## WHAT THE TASK REQUIRES
Reproduce the listing word for word, leaving every picture behind.

## DATASET
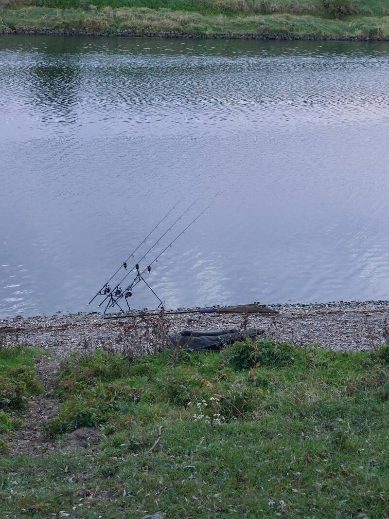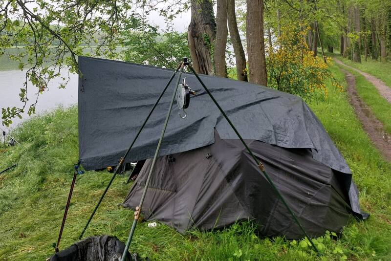 Een week later zit ik bij het werfje in Weert. Ik heb pas laat besloten om te gaan, want de voorspellingen zien er niet goed uit. Aan een stuk door regen. Pas op donderdagochtend lijkt het allemaal wat genuanceerder en besluit ik tóch te gaan. Ik zit iets verder naar rechts dan gebruikelijk. De grond is daar wat vlakker en minder drassig. Om vier uur liggen de hengels erin. Ik heb droog kunnen opzetten en pas na het warme eten is er wat regen van betekenis voorspeld. Dat klopt want het regent van zeven tot twee en daarna blijft het droog. Het valt mee met de nattigheid, maar tegen met de vangsten want er gebeurt niks. Volgende week weer naar de Maas.
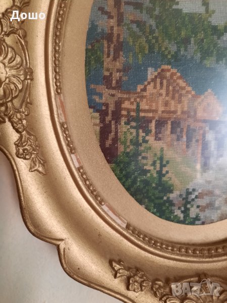 Гоблен Воденицата, ушит с конци DMC, размер 21/ 15 см, с рамката 32.5/ 27 см. Има дребни забележки по рамката, която е 50+ годишна, видни на снимките.
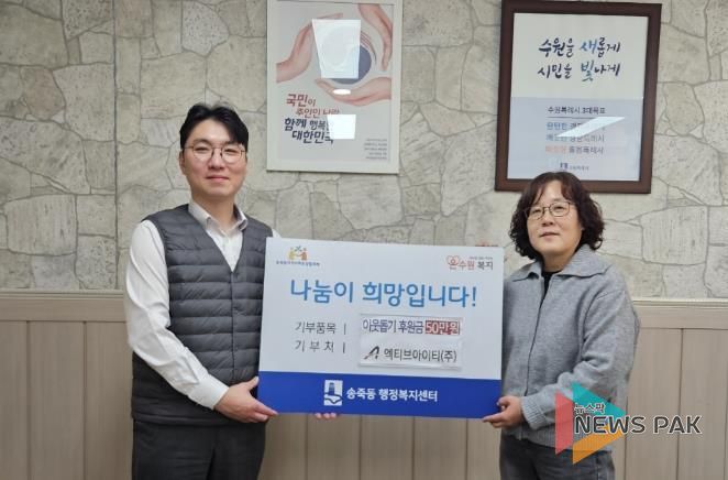 뉴스팍 배상미 기자 | 수원시 장안구 송죽동 행정복지센터는 ㈜엑티브아이티에서 지난 12일, 설 명절을 맞아 취약계층을 위한 후원금을 기탁했다고 밝혔다.
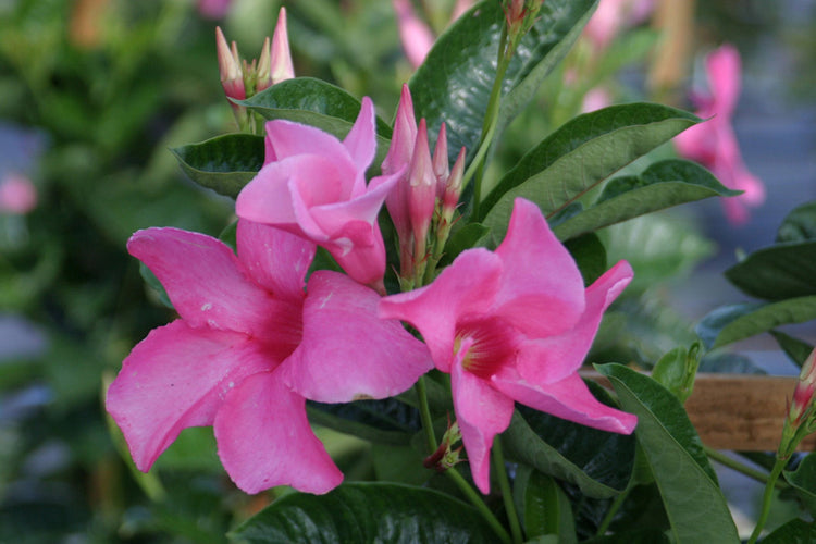 - Grown, packaged and shipped exclusively by Wekiva Foliage. Mandevilla, also known as rocktrumpet, is a genus of flowering vines that grow in tropical and subtropical climates. The five-petal flowers are often showy and fragrant, typically coming in shades of pink, red, and white, occasionally with yellow throats.
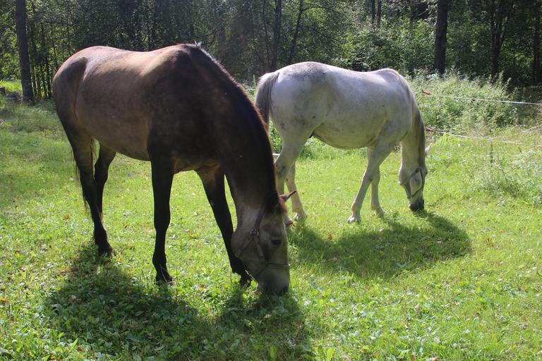 Keywords: horse horses grass white horse eating hay pasture summer brown horse countryside
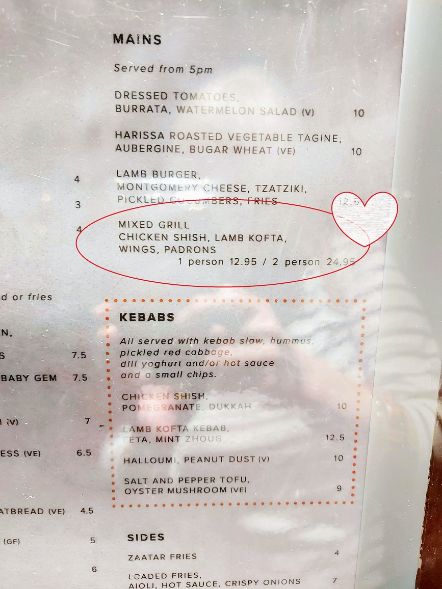 Mixed Grill Chicken Shish, Lamb Kofta, Wings, Padrons
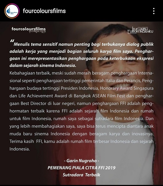 Garin Nugroho's statement following attacks on the film Memories of My Body
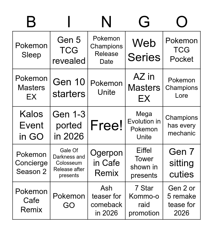 This bingo card has a free space and 24 words: Gale Of Darkness and Colosseum Release after presents, Pokemon GO, Pokemon Unite, Pokemon Cafe Remix, Pokemon TCG Pocket, Pokemon Sleep, Pokemon Masters EX, Gen 5 TCG revealed, Mega Evolution in Pokemon Unite, Ogerpon in Cafe Remix, AZ in Masters EX, Kalos Event in GO, Eiffel Tower shown in presents, Gen 7 sitting cuties, Gen 10 starters, 7 Star Kommo-o raid promotion, Champions has every mechanic, Pokemon Champions Release Date, Pokemon Champions Lore, Gen 1-3 ported in 2026, Gen 2 or 5 remake tease for 2026, Pokemon Concierge Season 2, Web Series and Ash teaser for comeback in 2026.
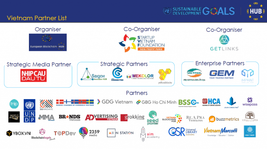Blockchain for SDGs Tour/Summit tại Việt Nam diễn ra từ 13:00 tới 18:00, ngày 24.11.2018 tại Nhà Hát Quân Đội. Sự kiện được tổ chức bởi European Blockchain HUB (EUBC HUB) và đồng tổ chức bởi Startup Vietnam Foundation (SVF) và Getlinks với mục tiêu làm sáng tỏ những ảnh hưởng của công nghệ blockchain lên thực tế xã hội và doanh nghiệp.
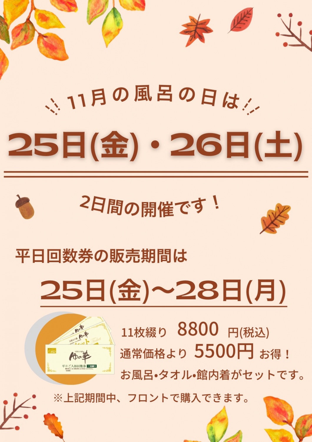 11月のふろの日&平日回数券の販売期間
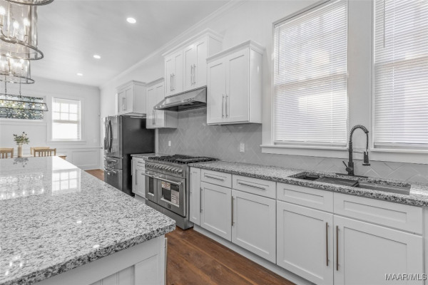Step inside to a welcoming foyer that leads into a large open-concept living area, including a cozy fireplace, formal dining space, and a modern kitchen with granite countertops and brand-new stainless steel appliances—plus a new refrigerator, washer, and dryer. A main-level bedroom and a flexible office or sitting room add to the home’s versatile layout.
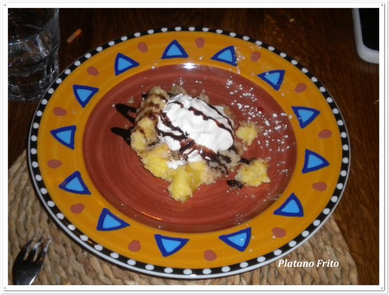 Diğer önerim ise Platano Frito tatlısı. Kızartılmış muz üzeri vanilya dondurma ve karamel ile servis ediliyor.
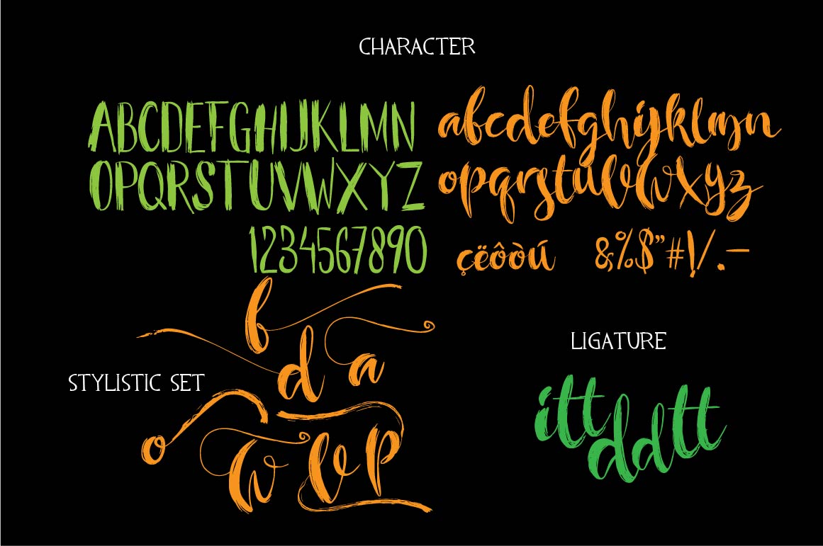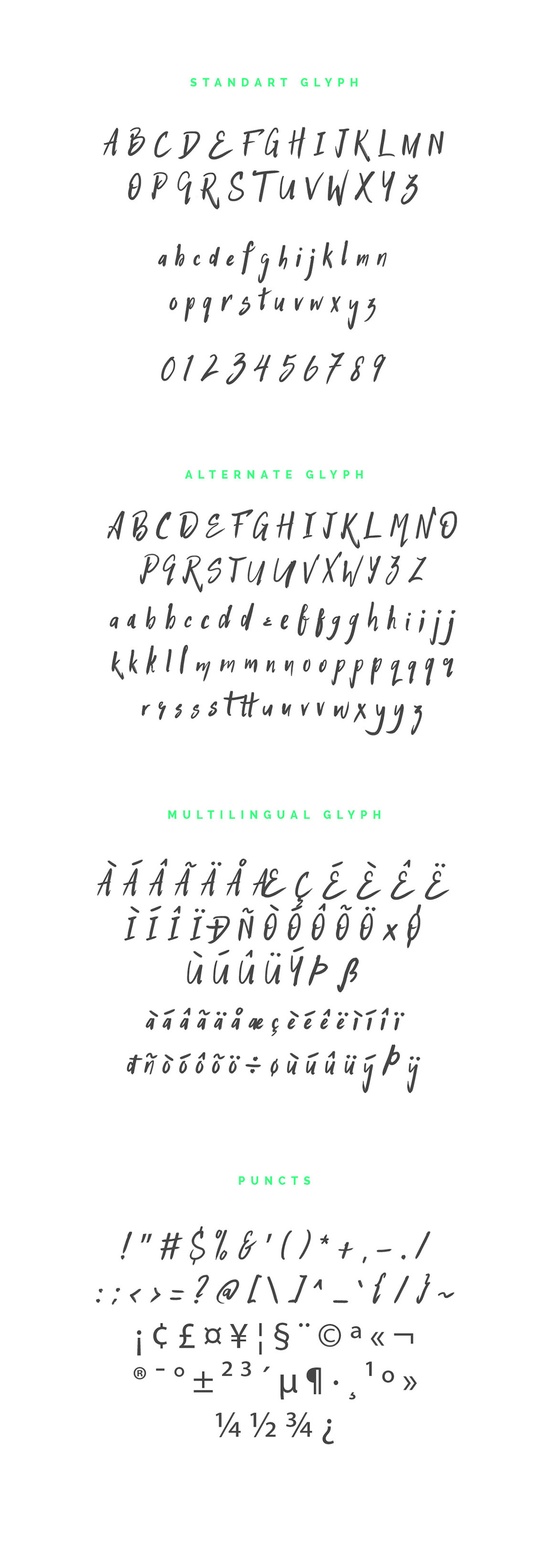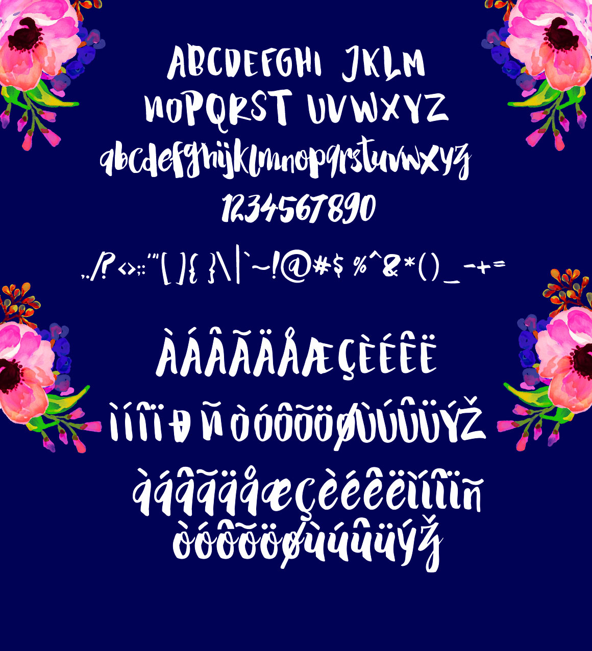 Creative and unperfect brush font with natural look. Features: Ligatures, International glyphs, Basic Latin A-Z and a-z, Numbers.
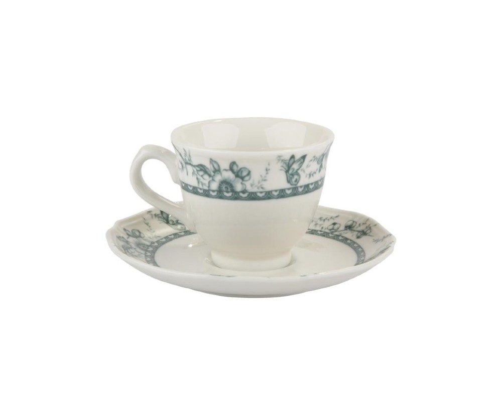 Το φίνο σχέδιο με τα πράσινα άνθη και τα ντελικάτα φύλλα, που στολίζει τόσο το φλυτζάνι όσο και το ασορτί πιατάκι, προσφέρει μια δροσερή, φυσική αντίθεση στην ένταση και το άρωμα του καφέ. Κάθε λεπτομέρεια, από το κομψό χερούλι μέχρι την ποιοτική πορσελάνη, είναι μελετημένη για να σας προσφέρει μια μικρή απόδραση στη φύση, ακόμα κι αν βρίσκεστε στην καρδιά της πόλης.
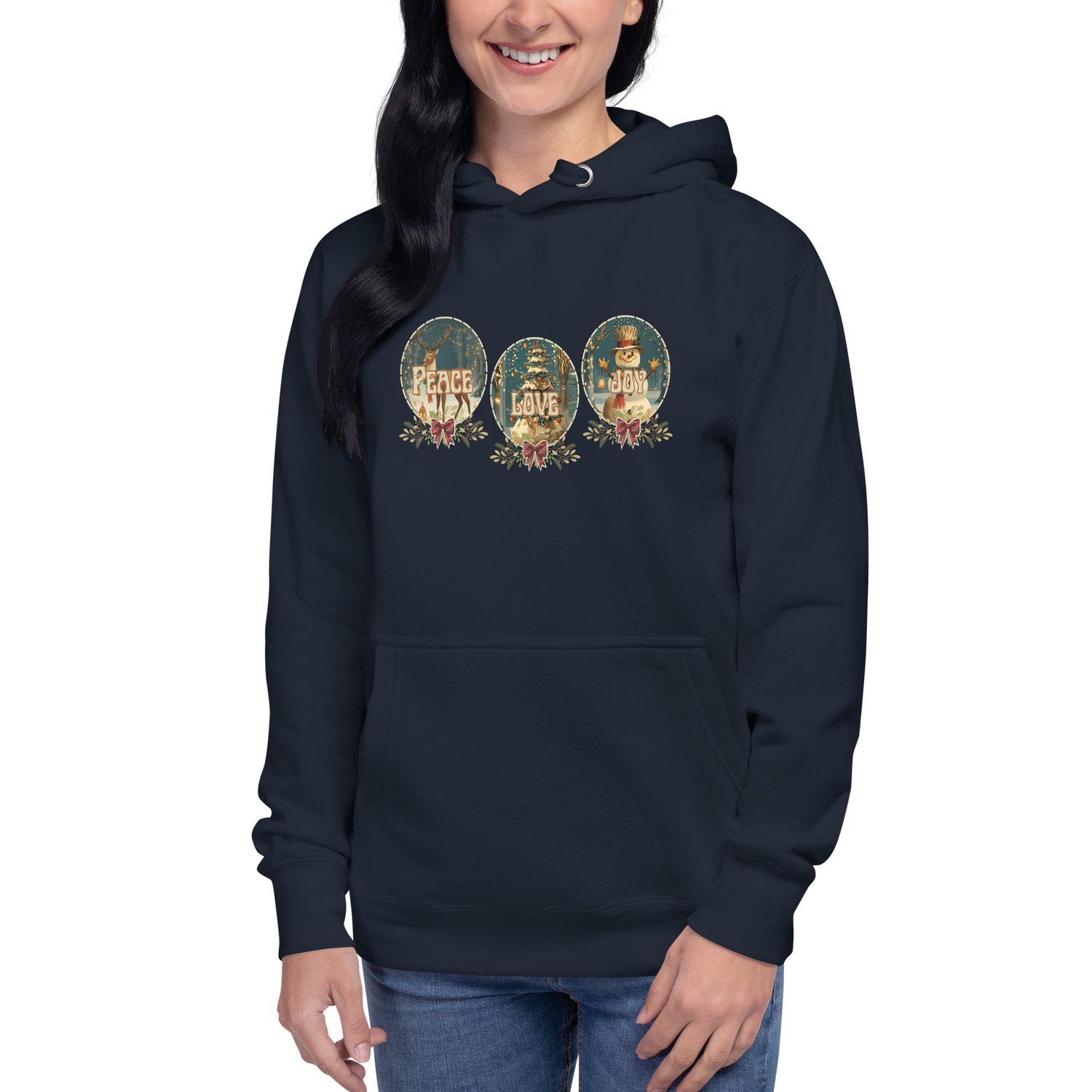 Luce el espíritu navideño con estilo con esta sudadera clásica unisex de diseño exclusivo en acuarela vintage. Con estampado de reno, árbol de Navidad y muñeco de nieve acompañados de las palabras Peace, Love, Joy, transmite alegría, paz y amor en cada detalle.

## TASK ANSWER
 Een week later zit ik bij het werfje in Weert. Ik heb pas laat besloten om te gaan, want de voorspellingen zien er niet goed uit. Aan een stuk door regen. Pas op donderdagochtend lijkt het allemaal wat genuanceerder en besluit ik tóch te gaan. Ik zit iets verder naar rechts dan gebruikelijk. De grond is daar wat vlakker en minder drassig. Om vier uur liggen de hengels erin. Ik heb droog kunnen opzetten en pas na het warme eten is er wat regen van betekenis voorspeld. Dat klopt want het regent van zeven tot twee en daarna blijft het droog. Het valt mee met de nattigheid, maar tegen met de vangsten want er gebeurt niks. Volgende week weer naar de Maas.
 Гоблен Воденицата, ушит с конци DMC, размер 21/ 15 см, с рамката 32.5/ 27 см. Има дребни забележки по рамката, която е 50+ годишна, видни на снимките.
 뉴스팍 배상미 기자 | 수원시 장안구 송죽동 행정복지센터는 ㈜엑티브아이티에서 지난 12일, 설 명절을 맞아 취약계층을 위한 후원금을 기탁했다고 밝혔다.
 - Grown, packaged and shipped exclusively by Wekiva Foliage. Mandevilla, also known as rocktrumpet, is a genus of flowering vines that grow in tropical and subtropical climates. The five-petal flowers are often showy and fragrant, typically coming in shades of pink, red, and white, occasionally with yellow throats.
 Keywords: horse horses grass white horse eating hay pasture summer brown horse countryside
 Mixed Grill Chicken Shish, Lamb Kofta, Wings, Padrons
 Garin Nugroho's statement following attacks on the film Memories of My Body
 This bingo card has a free space and 24 words: Gale Of Darkness and Colosseum Release after presents, Pokemon GO, Pokemon Unite, Pokemon Cafe Remix, Pokemon TCG Pocket, Pokemon Sleep, Pokemon Masters EX, Gen 5 TCG revealed, Mega Evolution in Pokemon Unite, Ogerpon in Cafe Remix, AZ in Masters EX, Kalos Event in GO, Eiffel Tower shown in presents, Gen 7 sitting cuties, Gen 10 starters, 7 Star Kommo-o raid promotion, Champions has every mechanic, Pokemon Champions Release Date, Pokemon Champions Lore, Gen 1-3 ported in 2026, Gen 2 or 5 remake tease for 2026, Pokemon Concierge Season 2, Web Series and Ash teaser for comeback in 2026.
Blockchain for SDGs Tour/Summit tại Việt Nam diễn ra từ 13:00 tới 18:00, ngày 24.11.2018 tại Nhà Hát Quân Đội. Sự kiện được tổ chức bởi European Blockchain HUB (EUBC HUB) và đồng tổ chức bởi Startup Vietnam Foundation (SVF) và Getlinks với mục tiêu làm sáng tỏ những ảnh hưởng của công nghệ blockchain lên thực tế xã hội và doanh nghiệp.
 11月のふろの日&平日回数券の販売期間
Step inside to a welcoming foyer that leads into a large open-concept living area, including a cozy fireplace, formal dining space, and a modern kitchen with granite countertops and brand-new stainless steel appliances—plus a new refrigerator, washer, and dryer. A main-level bedroom and a flexible office or sitting room add to the home’s versatile layout.
 Diğer önerim ise Platano Frito tatlısı. Kızartılmış muz üzeri vanilya dondurma ve karamel ile servis ediliyor.
 Creative and unperfect brush font with natural look. Features: Ligatures, International glyphs, Basic Latin A-Z and a-z, Numbers.
 Το φίνο σχέδιο με τα πράσινα άνθη και τα ντελικάτα φύλλα, που στολίζει τόσο το φλυτζάνι όσο και το ασορτί πιατάκι, προσφέρει μια δροσερή, φυσική αντίθεση στην ένταση και το άρωμα του καφέ. Κάθε λεπτομέρεια, από το κομψό χερούλι μέχρι την ποιοτική πορσελάνη, είναι μελετημένη για να σας προσφέρει μια μικρή απόδραση στη φύση, ακόμα κι αν βρίσκεστε στην καρδιά της πόλης.
 Luce el espíritu navideño con estilo con esta sudadera clásica unisex de diseño exclusivo en acuarela vintage. Con estampado de reno, árbol de Navidad y muñeco de nieve acompañados de las palabras Peace, Love, Joy, transmite alegría, paz y amor en cada detalle.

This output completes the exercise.